The good: Purcell had 16 goals in 38 games with Manchester and, at times, showed that offensive touch with the Kings. Purcell made the most noise in early March, when he had at least one point in five consecutive games and totaled two goals and four assists in those five games. Purcell’s numbers fell off toward the end of the season, but he earned some first-line time during the season, and ended it as part of an intriguing third line with Brian Boyle and, at times, Brad Richardson.
The bad: Purcell’s first stint with the Kings this season, in December and January, ended in relative disappointment. Purcell alternated between the first and fourth line. In Terry Murray’s eyes, Purcell didn’t bring enough offense to stay on the first line and didn’t bring enough grit to stay on the fourth line. That led to a return trip to Manchester.
Going forward: Asumming the Kings re-sign him (he’s a restricted free agent), next season will be an important one for Purcell, a player Dean Lombardi once had penciled in as a potential first-line winger. Purcell’s style of play indicates that he needs to be in a top-six role in order to thrive in the NHL, but will his talent level make him a fit in one of those roles? Lombardi’s activity level in the trade market this summer will go a long way toward determining where Purcell might be able to fit.

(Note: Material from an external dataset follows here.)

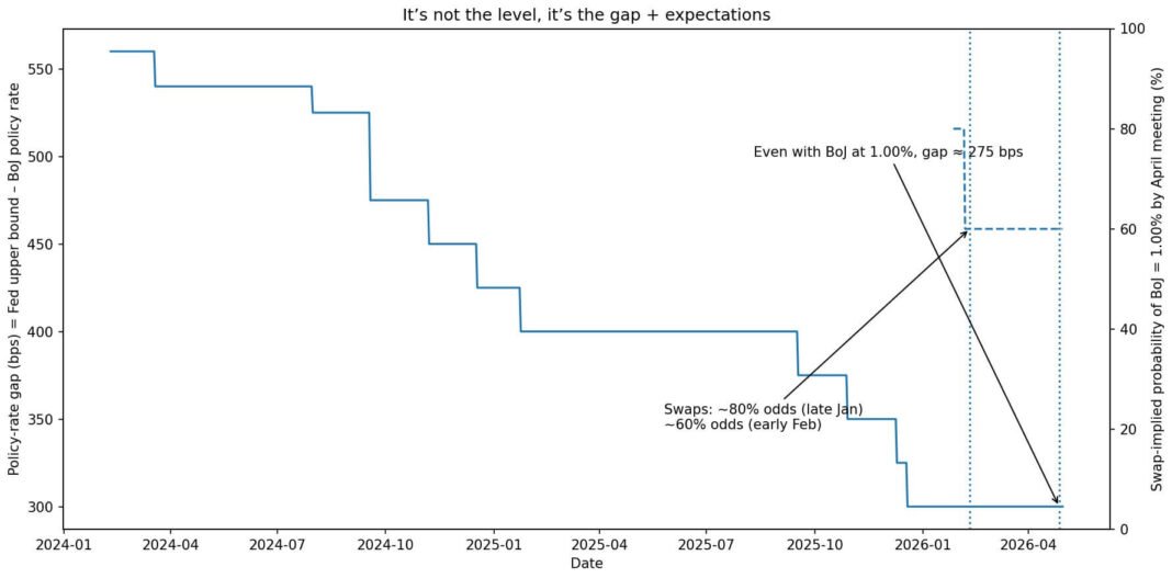 Chart shows Bank of Japan policy rate narrowing the gap with Fed rates while swap markets price declining probability of a 1% April hike.

This season: 22 games, 3 goals, 4 assists, 6 penalty minutes, 16:45 average ice time.
The good: Well, his blog on lakings.com was pretty entertaining for a while, right? In the best of times, Preissing can be a valuable power-play contributor (five of his seven points this season came with the man advantage) and even during tough times, he didn’t complain and remained a popular figure in the locker room before he eventually got sent to Manchester.

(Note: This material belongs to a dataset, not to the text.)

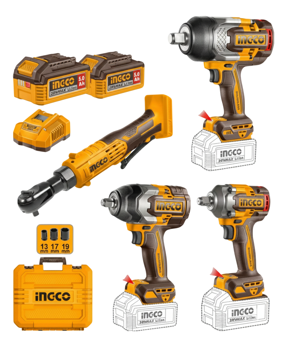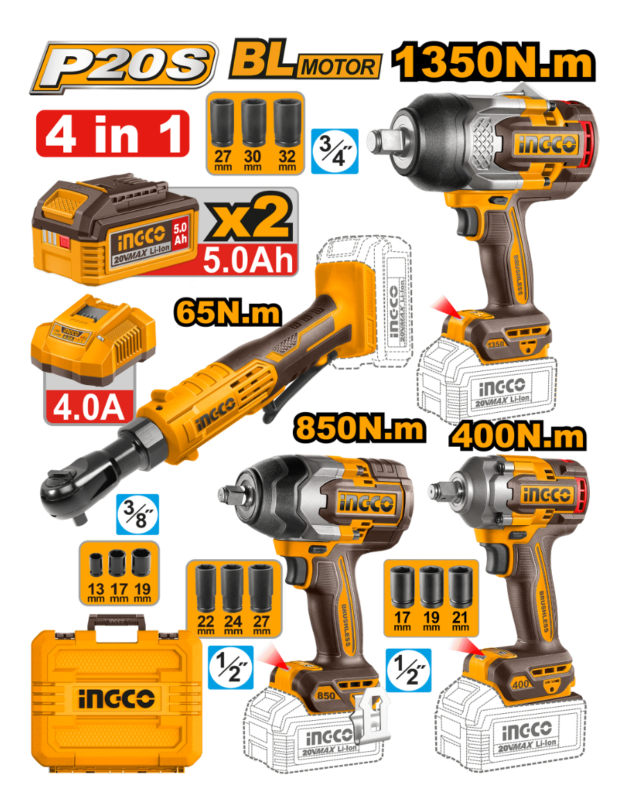 KIT COMBO A BATERIA P20S 3 LLAVES DE IMPACTO 3/4″ 1350NM + 1/2″ 850NM + 1/2″ 400NM + LLAVE CRIQUE 65NM 3/8″ + 2 BAT 5.0AH + CARGADOR + DADOS + VALIJA

The bad: A mysterious bout with dizziness, coupled with ineffective play, led to Preissing playing only 22 games this season. That’s $125,000 per game played, which is pretty amazing. Preissing received his big four-year contract with the Kings after a strong season with Ottawa in 2006-07, when the Senators made the Stanley Cup Finals. It seems increasingly clear that Preissing simply was a better fit in Ottawa’s system.

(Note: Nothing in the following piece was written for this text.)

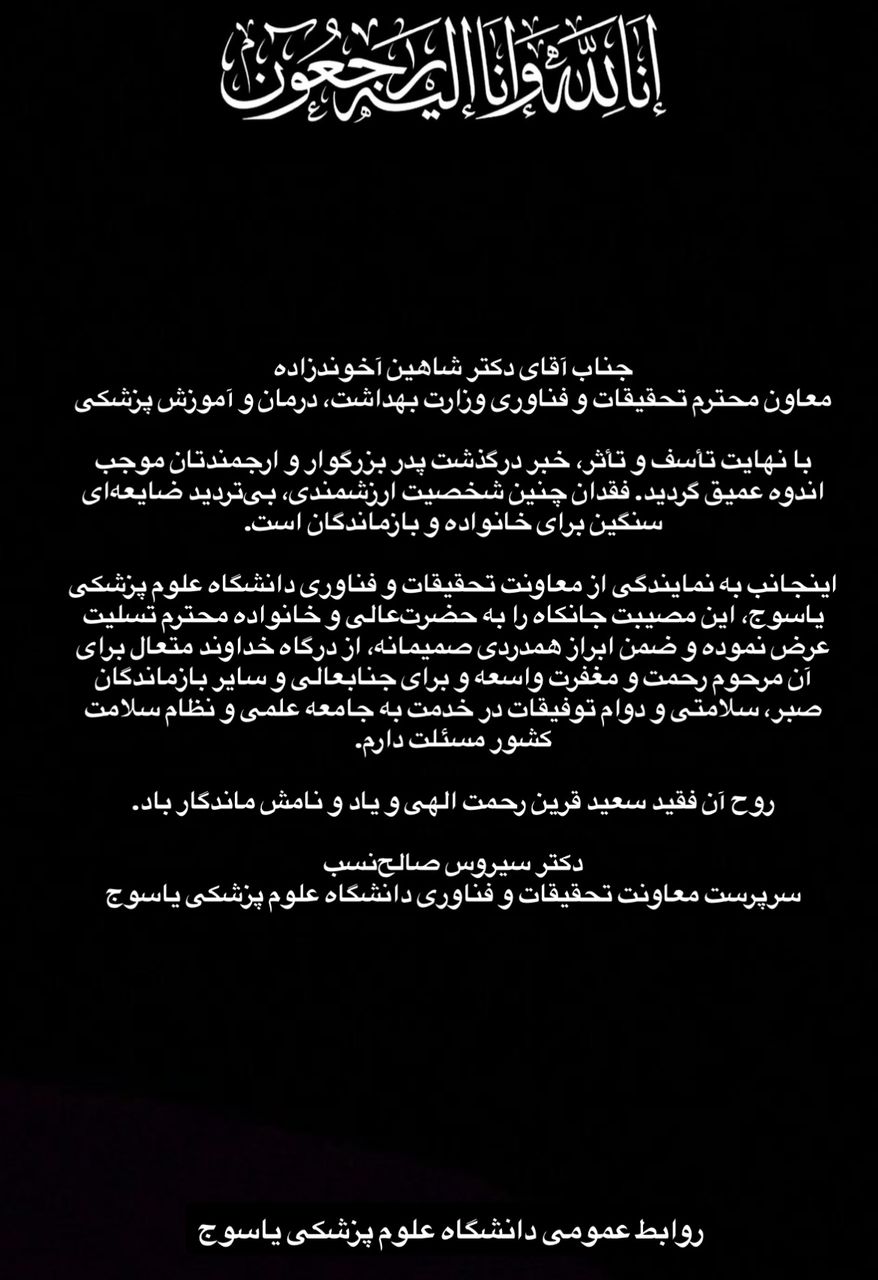 اینجانب به نمایندگی از معاونت تحقیقات و فناوری دانشگاه علوم پزشکی یاسوج، این مصیبت جانکاه را به حضرتعالی و خانواده محترم تسلیت عرض نموده و ضمن ابراز همدردی صمیمانه، از درگاه خداوند متعال برای آن مرحوم رحمت و مغفرت واسعه و برای جنابعالی و سایر بازماندگان صبر، سلامتی و دوام توفیقات در خدمت به جامعه علمی و نظام سلامت کشور مسئلت دارم.

Going forward: It’s not pretty. The Kings have Preissing under contract for two more seasons, at $2.75 million per season. If there’s one contract the Kings would like to get off the books, it’s this one, but they’re already paying two buyouts next season (Cloutier and McCauley), and Dean Lombardi would have to do quite a sell-job to get another GM to take that salary this summer. More than likely, it’s, “Hello, Manchester.”
This season: 82 games, 0 goals, 12 assists, 71 penalty minutes, 20:29 average ice time.
The good: When the Kings acquired O’Donnell from the Ducks — essentially for free, since the conditional draft pick ended up staying with the Kings — they didn’t have unrealistic expectations. In O’Donnell, they sought a veteran who would be a good presence in the locker room and be a left-shot defenseman whom they could pair with rookie Drew Doughty and be a steady presence. O’Donnell ended up being all that and more. His average ice time was at its highest level since the 2003-04 season and, at age 37, he played all 82 games for a second consecutive season.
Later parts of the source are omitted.